The bravest bloggers have referred to the import ban as the fourth round of sanctions against Russian citizens, while Russian citizens themselves are debating what is more important to them—European cheeses or the motherland. People who are not unintelligent are saying that if our freedom depends on cheese, then something is wrong not with us, but with our country, our government, etc.—and they quote Alexander Solzhenitsyn’s 1976 speech at Stanford, in which he said that “true human freedom is the God-given inner freedom: the freedom to decide our own deeds—but also to bear spiritual responsibility for them.” I doubt Solzhenitsyn would have liked the idea of reviving Russia through sanctions.

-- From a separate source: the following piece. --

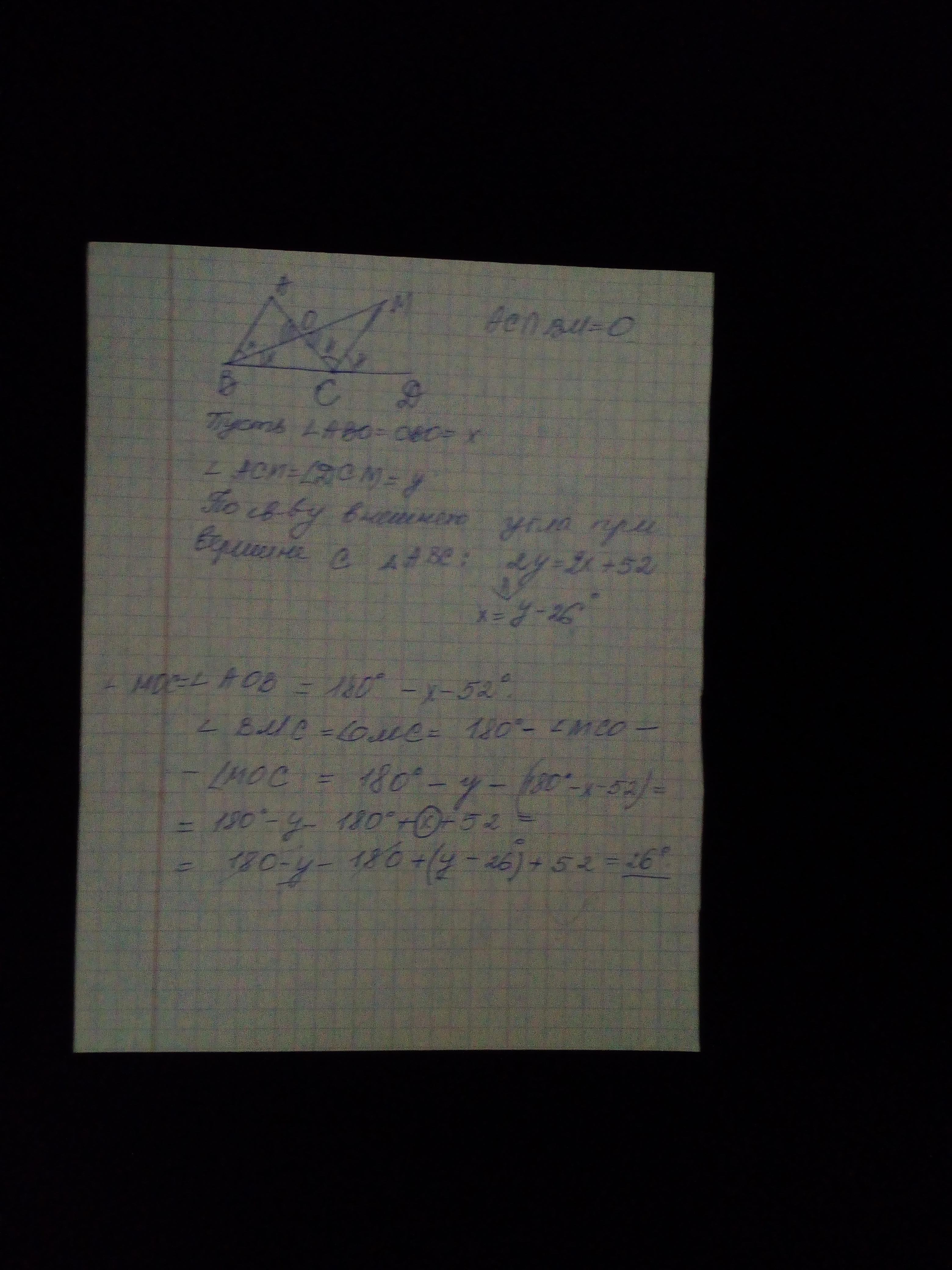 Помогите, пожалуйста) Биссектриса внешнего угла ACD треугольника ABC пересекает биссектрису угла ABC в точке M, угол BAC = 52 градуса. Найдите угол BMC.

If one judges by actions, not by words, cheeses appear more important. In Moscow’s Auchan stores, imported products that have fallen under the ban have sold out. People bought cheeses, ham, and—just in case—imported alcohol by the box. In one store, a forgotten Soviet-era notice was posted: “No more than 5 kg of food per person.” If the media is to be believed, last weekend patrols appeared in food stores to check whether the president’s decree was being followed.

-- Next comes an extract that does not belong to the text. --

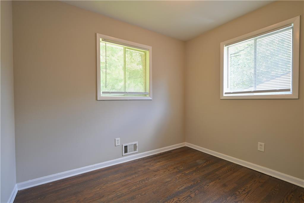 Charming 3 bedroom, 1 bathroom brick Ranch Near West Midtown. Welcome to this beautifully maintained single-story brick ranch, ideally located near Atlanta's vibrant West Midtown. Surrounded by mature trees and a gently sloped lawn, this home combines timeless curb appeal with modern updates inside. Vaulted ceilings and rich hardwood flooring throughout, freshly painted neutral walls for a clean, airy feel, large front windows fill the living space with natural light, two entry closets provide convenient storage, beautifully updated kitchen with white upper/lower cabinets with sleek earth-tone countertops, stainless steel appliances, wood-look vinyl flooring in a warm gray tone durable and stylish, efficient layout with ample storage and prep space. Just minutes from West Midtown and major intown destinations. Enjoy easy access to: Atlanta Belt Line and PATH400 Trails perfect for walking, biking, or exploring local art, restaurants,

“The people who are least upset about the so-called sanctions are those who consider themselves ‘foodies,’ culinary bloggers, people who lead culinary master-classes and such,” says prominent culinary blogger Elena Chekalova. “Amazingly, most restaurant owners who have spoken out have said that they can cook everything in their Italian restaurants just from potatoes. These are the people who, for the past twenty years, have been creating Moscow’s restaurant world and have begun to win international gastronomic prizes—and even they are ready to carry the rope with which they will be hanged. This is more frightening than these idiotic sanctions themselves. I had a naïve hope that people who understand the freedom of choice in food will gradually develop a more acute appreciation of freedom generally. How many times has it been explained to me why France could not have a socialist revolution, despite the fact that there are many socialists there—because they cannot give up even one out of their five hundred varieties of cheese.”